2020 AD — In Retrospect

The Triboro Bridge was thick with traffic. In the distance the Manhattan skyline was sparkling. The spire on the Empire State building was red and green. Things seemed like they are supposed to, this time of the year.

Then to my right a driver pulled in with a mask on. He made sure I didn’t forget that things were far from the way they used to be.

The adjustment we have had to make to a virus, has forced us to take stock of who we are as a species and how we live with the planet.

Now with a vaccine, there is hope of a reset to the past as soon as possible, which is already celebrated as a distant blissful memory.

Many are looking forward to vacations in exotic places, the exhilaration of being in sports arenas and music concerts, the din of restaurants and for the less fortunate a return to a lost job. Whether we will resume those heady days, in a manner reminiscent of the past, is not very certain. Even though the end of 2020 is being seen as a first step towards that.

After 9/11 the world did not reset once Afghanistan was invaded, Iraq destroyed and Osama Bin Laden assassinated. The way we move about the planet intrinsically changed forever, and the human world fell in line with some irritation. Probably a similar fate awaits us once this virus is conquered and we get ready (or not) for the next one to come.

There are many ways one can approach the end of 2020. For many it is already being advertised as an end to a year from hell.

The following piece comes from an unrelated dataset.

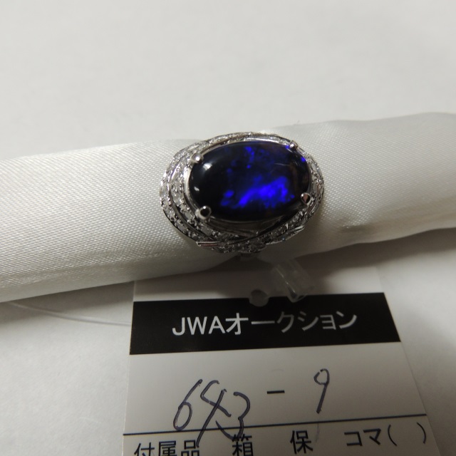 リング ブラックオパール ダイヤ Pt900 14.10g 石目:6.72 0.43

One’s calibration is based on one’s individual experience no doubt. For those who lost a loved one it is the darkest of times. For someone who recovered after a long fight, gratitude to those who helped along the way is in order. To those who have managed to stay clear despite the scare of the virus lurching on surfaces, in air and in the room next door, good fortune is to be thankful for. And to those who continue to be in denial, it is important to keep in mind fortune favors only those who are prepared.

No matter how you see it, the inconvenience faced by many, pales in comparison to those who went through far worse in history, even without the virus.

The generations before us that lived through wars, famine and deadlier plagues when medicine was primitive, saw and experienced dire unfathomable circumstances.

Even today there are millions of refugees who are displaced by war and conflict who have had to contend with more hardship than they would have with a virus running amuck.

So when we say “to hell with 2020” or see it as a cursed year, one has to measure one’s level of inconvenience with those who have lost everything or are on the verge of destitution, and then have some perspective.

As I count myself among the lucky, 2020 has mainly been a massive adjustment. I have had enough food on my table, a roof over my head, a family to give me comfort, a dog to pet, restricted freedom of movement and health to stay confident about the future that is to come. I am aware this could all change in a blink of an eye with or without a virus in our midst.

So I am grateful for 2020 for teaching me the true meaning of contentment and to help focus further on what is essential and valuable in the hardest of times.

As the planet spins and turns in the eternal churning of time, a year is but a speck in its trajectory. For us 2020 may feel like an eternity, but for the blue ball, it is just a blip. To see things in retrospect with perspective, is the way to move forward, as there is no instant “reset switch” for the predicament we find ourselves in.

Anand Kamalakar is a Brooklyn based documentary film director, producer and editor. His latest film SALAM can now be seen on Netflix.